Referring now to FIG. 19, the sheath 1302 of the device 1300 (FIG. 13) has been driven at least part of the way through a thrombus 1902 in the vessel 1900. The distal-to proximal undulating “cage” design of this tool tip 1320 makes it possible to deploy from inside the thrombus 1902. This entails the cage shape being radially compressed along its undulations in its retracted state and thereafter expanding radially when freed from the end of the sheath. The expansion occurs within the thrombus body, thereby anchoring the tool tip 1320 within its center as shown. Alternatively, this cage-shaped tool tip 1320 can be deployed distally of the distal thrombus face 1904 in a manner described above. After either type of deployment, the device 1300 is withdrawn proximally (arrow 1910), thereby pulling the anchored thrombus 1902 along with it.

D. Controllably Expansive Small Diameter Device for Thrombus Removal

In addition to the expanding capture segments described above, one or more embodiments of the present invention provide for controllably expansive capture segments that reside beyond the outer sheath.
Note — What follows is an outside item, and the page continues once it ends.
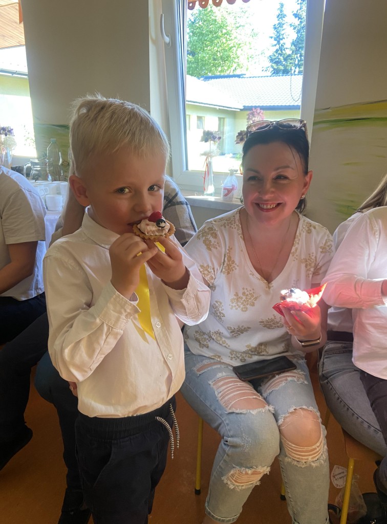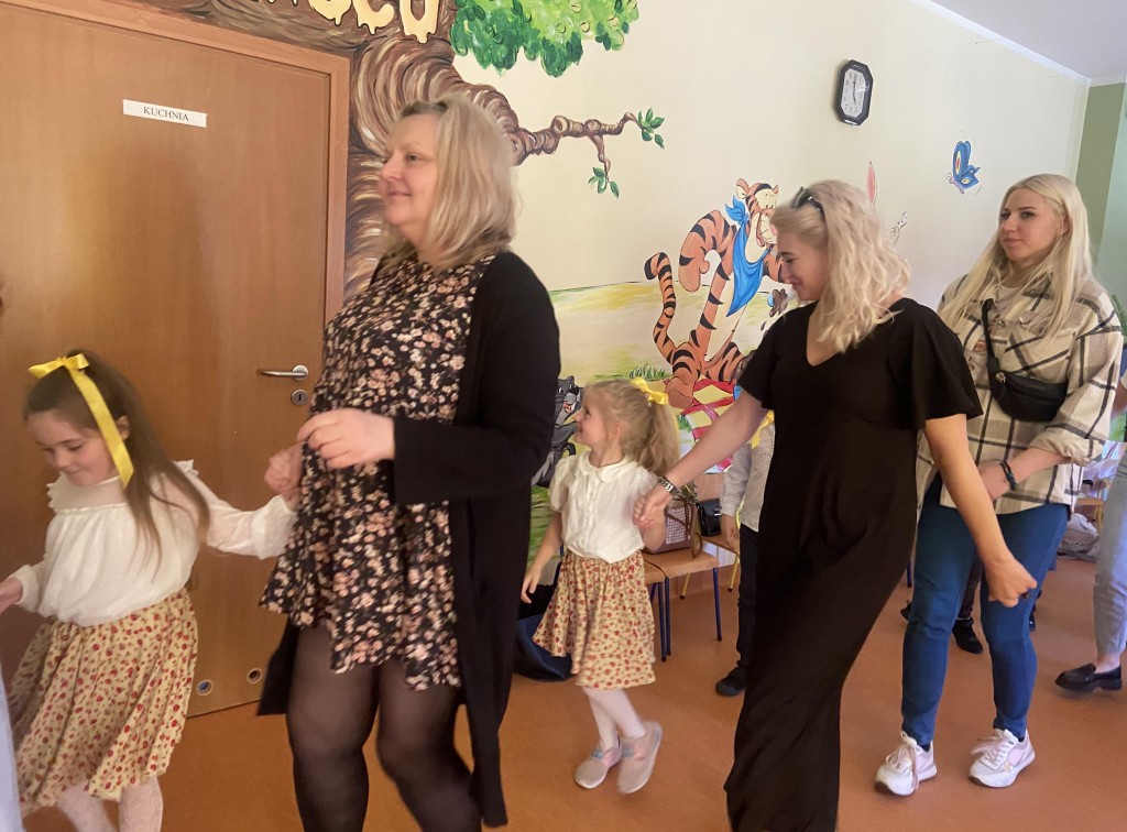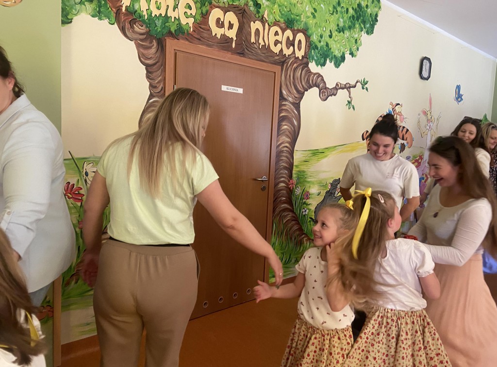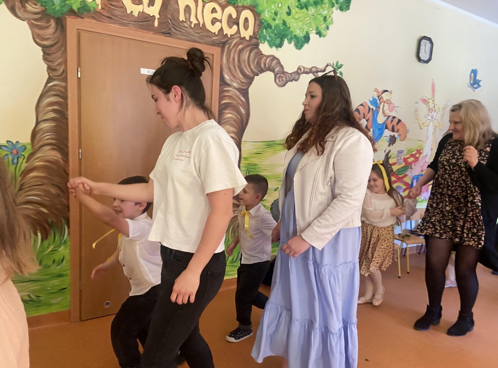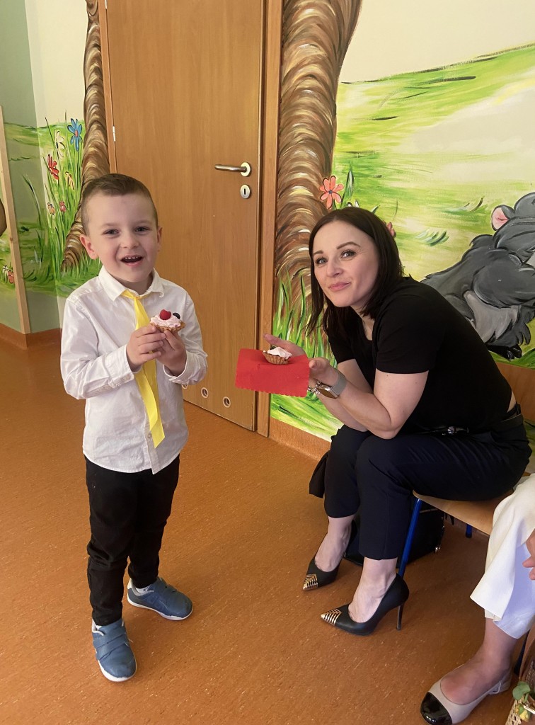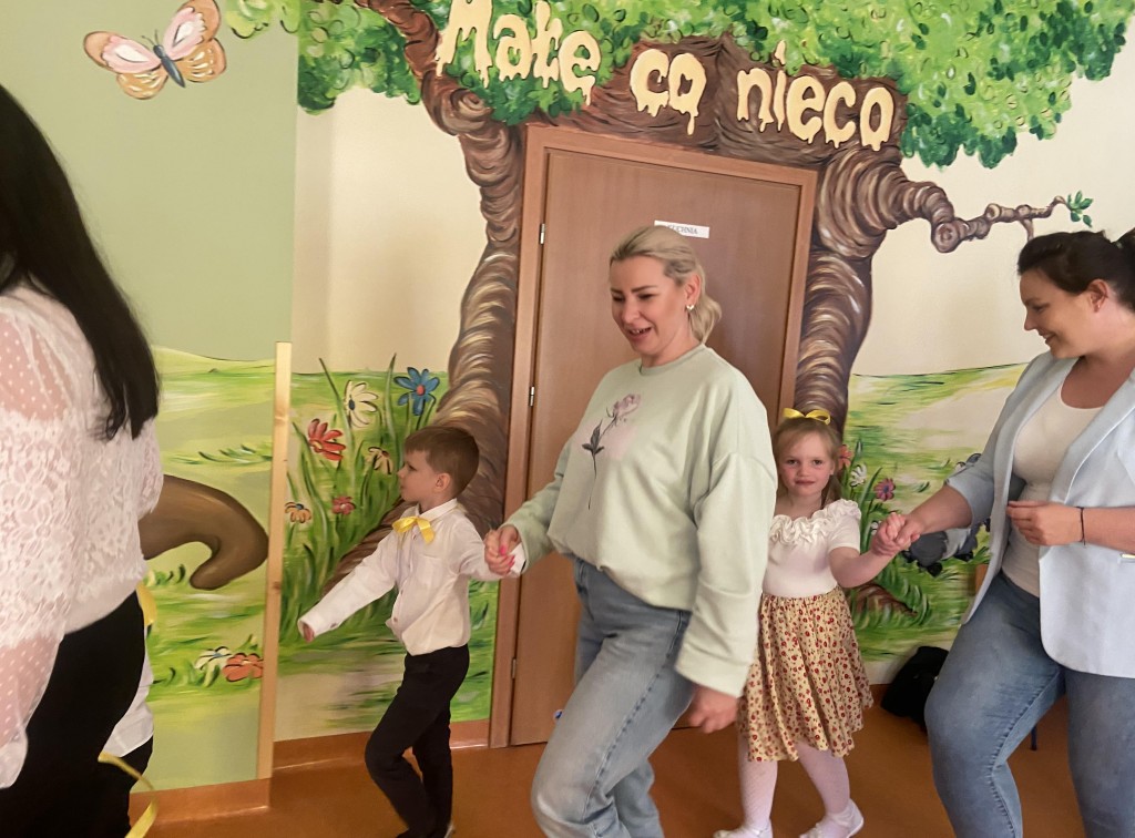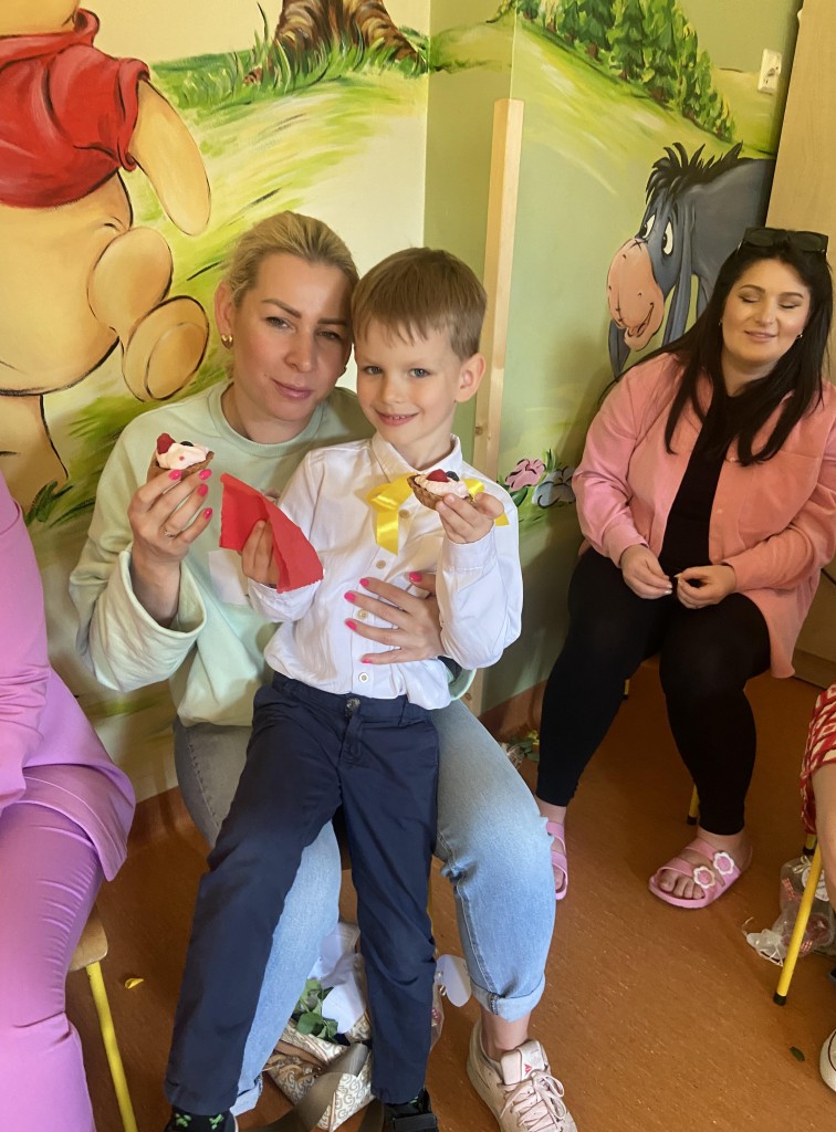 Dzień Mamy jest jednym z najpiękniejszych świąt w roku, pełnym miłych życzeń i prezentów, będących wyrazem miłości i szacunku. My także postanowiliśmy w szczególny sposób uczcić to święto, dlatego też 26 maja świętowaliśmy je wspólnie z mamusiami. Na początku przedstawiliśmy nasz program artystyczny z okazji ich święta. Następnie zaprosiliśmy wszystkich do wspólnego tańca. "Belgijka" - to energiczny i skoczny taniec, przy którym świetnie się bawiliśmy. Zabawa "Czyja to mama?" dla wielu okazała się zaskakująca. Panie czytały informacje na temat mam, które spisały na podstawie naszych opowieści. Podczas tej zabawy było wiele śmiechu, radości, przytulasków i całusków. Wspólnie spędziliśmy wspaniałe chwile, które na pewno na długo pozostaną w naszej pamięci.

In a collapsed state, the OD of the capture segments thus need not fit within the ID of the outer sheath, but may illustratively be sized similar to the OD of outer sheath itself (e.g., no greater than an ID of a catheter in which the outer sheath/device is meant to traverse). In a capture (expanded) state, the capture segments extend to approximately the vessel diameter so that they may be used to capture a thrombus or other material within the vessel and thus move the thrombus/material, e.g., removing it from the vessel or otherwise repositioning the thrombus/material to another location.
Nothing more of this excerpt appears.